Problem: Starting at the top of the records, output every line through the one that contains "Об именовании состоящих", keeping each exactly as it appears.

─── Records for the task

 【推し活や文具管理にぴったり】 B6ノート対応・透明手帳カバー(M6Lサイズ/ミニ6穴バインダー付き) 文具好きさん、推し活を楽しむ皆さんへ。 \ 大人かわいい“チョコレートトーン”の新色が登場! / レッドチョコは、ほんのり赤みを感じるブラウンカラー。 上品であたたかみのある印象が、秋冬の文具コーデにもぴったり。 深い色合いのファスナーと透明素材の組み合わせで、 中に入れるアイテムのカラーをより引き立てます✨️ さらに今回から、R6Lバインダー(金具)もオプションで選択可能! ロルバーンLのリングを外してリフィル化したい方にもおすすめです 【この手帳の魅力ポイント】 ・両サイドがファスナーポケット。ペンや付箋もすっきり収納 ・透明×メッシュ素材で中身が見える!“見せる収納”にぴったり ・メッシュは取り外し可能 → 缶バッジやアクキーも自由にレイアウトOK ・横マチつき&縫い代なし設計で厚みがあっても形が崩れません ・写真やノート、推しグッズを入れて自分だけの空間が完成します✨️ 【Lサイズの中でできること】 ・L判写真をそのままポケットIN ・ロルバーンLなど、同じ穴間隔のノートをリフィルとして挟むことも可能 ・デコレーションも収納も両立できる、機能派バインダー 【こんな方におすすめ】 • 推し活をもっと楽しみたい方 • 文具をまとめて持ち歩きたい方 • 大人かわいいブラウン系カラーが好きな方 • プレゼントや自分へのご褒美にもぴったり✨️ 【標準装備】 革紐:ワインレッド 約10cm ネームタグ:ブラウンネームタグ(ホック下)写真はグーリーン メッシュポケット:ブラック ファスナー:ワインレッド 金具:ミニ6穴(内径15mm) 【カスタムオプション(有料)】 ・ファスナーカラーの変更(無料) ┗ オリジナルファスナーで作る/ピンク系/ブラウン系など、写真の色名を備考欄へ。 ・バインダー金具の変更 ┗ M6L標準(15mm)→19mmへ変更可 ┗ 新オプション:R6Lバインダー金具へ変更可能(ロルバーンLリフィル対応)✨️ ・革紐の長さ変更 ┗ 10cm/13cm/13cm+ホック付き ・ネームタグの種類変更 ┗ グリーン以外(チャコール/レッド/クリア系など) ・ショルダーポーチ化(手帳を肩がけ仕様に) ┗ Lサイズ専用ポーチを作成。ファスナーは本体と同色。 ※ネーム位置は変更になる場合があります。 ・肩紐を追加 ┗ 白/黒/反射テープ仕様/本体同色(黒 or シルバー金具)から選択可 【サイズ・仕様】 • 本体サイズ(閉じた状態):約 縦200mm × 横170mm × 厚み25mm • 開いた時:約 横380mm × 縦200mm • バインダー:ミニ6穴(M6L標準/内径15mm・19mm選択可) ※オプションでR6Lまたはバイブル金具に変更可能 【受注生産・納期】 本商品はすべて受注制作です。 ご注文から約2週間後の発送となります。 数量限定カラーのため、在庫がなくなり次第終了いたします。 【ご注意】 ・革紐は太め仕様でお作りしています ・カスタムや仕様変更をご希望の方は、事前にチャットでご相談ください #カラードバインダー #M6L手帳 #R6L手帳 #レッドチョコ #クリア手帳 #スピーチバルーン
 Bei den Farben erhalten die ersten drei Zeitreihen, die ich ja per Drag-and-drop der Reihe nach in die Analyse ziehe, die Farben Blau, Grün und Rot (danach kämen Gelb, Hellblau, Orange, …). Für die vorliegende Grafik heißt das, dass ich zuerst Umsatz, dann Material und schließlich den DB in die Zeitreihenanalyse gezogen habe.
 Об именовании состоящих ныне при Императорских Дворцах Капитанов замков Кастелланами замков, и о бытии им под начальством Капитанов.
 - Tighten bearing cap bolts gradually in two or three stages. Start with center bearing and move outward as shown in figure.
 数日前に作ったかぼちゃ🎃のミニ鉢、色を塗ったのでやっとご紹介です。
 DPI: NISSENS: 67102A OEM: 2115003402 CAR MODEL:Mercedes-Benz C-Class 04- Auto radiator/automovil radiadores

──────

Task result:
 【推し活や文具管理にぴったり】 B6ノート対応・透明手帳カバー(M6Lサイズ/ミニ6穴バインダー付き) 文具好きさん、推し活を楽しむ皆さんへ。 \ 大人かわいい“チョコレートトーン”の新色が登場! / レッドチョコは、ほんのり赤みを感じるブラウンカラー。 上品であたたかみのある印象が、秋冬の文具コーデにもぴったり。 深い色合いのファスナーと透明素材の組み合わせで、 中に入れるアイテムのカラーをより引き立てます✨️ さらに今回から、R6Lバインダー(金具)もオプションで選択可能! ロルバーンLのリングを外してリフィル化したい方にもおすすめです 【この手帳の魅力ポイント】 ・両サイドがファスナーポケット。ペンや付箋もすっきり収納 ・透明×メッシュ素材で中身が見える!“見せる収納”にぴったり ・メッシュは取り外し可能 → 缶バッジやアクキーも自由にレイアウトOK ・横マチつき&縫い代なし設計で厚みがあっても形が崩れません ・写真やノート、推しグッズを入れて自分だけの空間が完成します✨️ 【Lサイズの中でできること】 ・L判写真をそのままポケットIN ・ロルバーンLなど、同じ穴間隔のノートをリフィルとして挟むことも可能 ・デコレーションも収納も両立できる、機能派バインダー 【こんな方におすすめ】 • 推し活をもっと楽しみたい方 • 文具をまとめて持ち歩きたい方 • 大人かわいいブラウン系カラーが好きな方 • プレゼントや自分へのご褒美にもぴったり✨️ 【標準装備】 革紐:ワインレッド 約10cm ネームタグ:ブラウンネームタグ(ホック下)写真はグーリーン メッシュポケット:ブラック ファスナー:ワインレッド 金具:ミニ6穴(内径15mm) 【カスタムオプション(有料)】 ・ファスナーカラーの変更(無料) ┗ オリジナルファスナーで作る/ピンク系/ブラウン系など、写真の色名を備考欄へ。 ・バインダー金具の変更 ┗ M6L標準(15mm)→19mmへ変更可 ┗ 新オプション:R6Lバインダー金具へ変更可能(ロルバーンLリフィル対応)✨️ ・革紐の長さ変更 ┗ 10cm/13cm/13cm+ホック付き ・ネームタグの種類変更 ┗ グリーン以外(チャコール/レッド/クリア系など) ・ショルダーポーチ化(手帳を肩がけ仕様に) ┗ Lサイズ専用ポーチを作成。ファスナーは本体と同色。 ※ネーム位置は変更になる場合があります。 ・肩紐を追加 ┗ 白/黒/反射テープ仕様/本体同色(黒 or シルバー金具)から選択可 【サイズ・仕様】 • 本体サイズ(閉じた状態):約 縦200mm × 横170mm × 厚み25mm • 開いた時:約 横380mm × 縦200mm • バインダー:ミニ6穴(M6L標準/内径15mm・19mm選択可) ※オプションでR6Lまたはバイブル金具に変更可能 【受注生産・納期】 本商品はすべて受注制作です。 ご注文から約2週間後の発送となります。 数量限定カラーのため、在庫がなくなり次第終了いたします。 【ご注意】 ・革紐は太め仕様でお作りしています ・カスタムや仕様変更をご希望の方は、事前にチャットでご相談ください #カラードバインダー #M6L手帳 #R6L手帳 #レッドチョコ #クリア手帳 #スピーチバルーン
 Bei den Farben erhalten die ersten drei Zeitreihen, die ich ja per Drag-and-drop der Reihe nach in die Analyse ziehe, die Farben Blau, Grün und Rot (danach kämen Gelb, Hellblau, Orange, …). Für die vorliegende Grafik heißt das, dass ich zuerst Umsatz, dann Material und schließlich den DB in die Zeitreihenanalyse gezogen habe.
 Об именовании состоящих ныне при Императорских Дворцах Капитанов замков Кастелланами замков, и о бытии им под начальством Капитанов.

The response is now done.